Article Text
Abstract
Objective Concerns exist that e-cigarettes may be a gateway to traditional cigarettes and/or (re)normalise teenage smoking. This qualitative study explores how teenagers in the UK currently perceive e-cigarettes and how and why they do or do not use them.
Design 16 focus groups were conducted across the UK between November 2014 and February 2015, with 83 teenagers aged 14–17. All discussions were digitally recorded, transcribed verbatim, imported into NVivo 10 and thematically analysed.
Results Teenagers generally agreed that e-cigarettes are useful products for smokers, including teenage smokers, to quit or reduce traditional cigarette use. Concerns were expressed about lack of information on their precise ingredients and any unknown risks for users and bystanders. However, teenagers typically viewed e-cigarettes as substantially less harmful than traditional cigarettes. They perceived e-cigarettes as attractive, with products described as ‘fun’ and having ‘great flavourings’. Seeing websites or social media featuring e-cigarettes, especially YouTube ‘vaping tricks’, prompted some experimentation and imitation. E-cigarettes were used in a variety of situations, including at parties or when they could not smoke traditional cigarettes. A very few participants suggested covert use was a possibility and that e-cigarettes might help maintain a fledgling nicotine habit.

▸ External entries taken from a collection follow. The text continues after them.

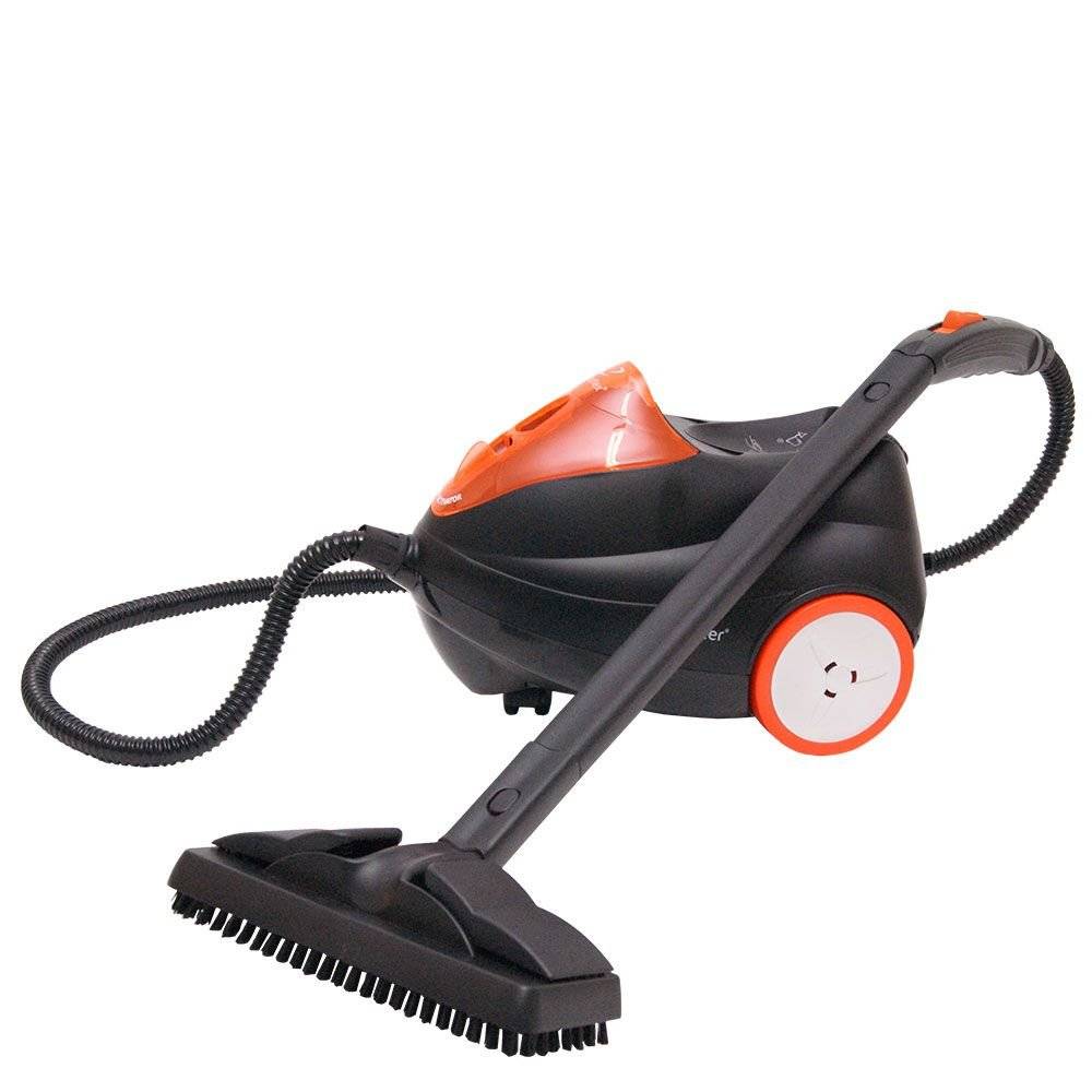 - Компактные. Подходят для очистки больших площадей за счет высокой мощности. В комплекте с прибором идут щетки для мягкой текстуры (обивка, гардин, ковролин и т.д.) и насадки для проблемных участков (щели, плинтусы). Внешне компактные паровые пылесосы ничем не отличаются от стандартных моделей. Устройства перемещаются по полу, а удобство их использования зависит от длины шнура.
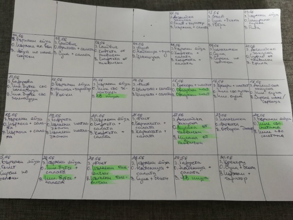 Седмица 1 – Направих график за храненето през месеца.
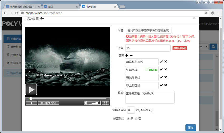 第2步:可以按视频本身的实际内容情况,设定对应的问题及答案(如下图),比如您设定第25秒时,弹出对应问答。

Conclusions Teenagers support the use of e-cigarettes as smoking cessation aids for established adult smokers. However, they engage with these products differently from adults, with the novel hypothesis that covert use could potentially reinforce traditional cigarette smoking requiring further investigation. Policy responses should more clearly meet the needs of young people, as well as helping established adult smokers.
- E-cigarettes
- vaping
- teenagers
- understandings
- smoking
This is an Open Access article distributed in accordance with the terms of the Creative Commons Attribution (CC BY 4.0) license, which permits others to distribute, remix, adapt and build upon this work, for commercial use, provided the original work is properly cited. See: http://creativecommons.org/licenses/by/4.0/
Statistics from Altmetric.com
Footnotes
Contributors SH and SVK conceived of the study and initiated the study design. FT collected the data and coded it with SH, HW, HS and SVK. SH and FT conducted the analysis and SH prepared the initial draft of the paper. All authors contributed to redrafting, and approving the final manuscript.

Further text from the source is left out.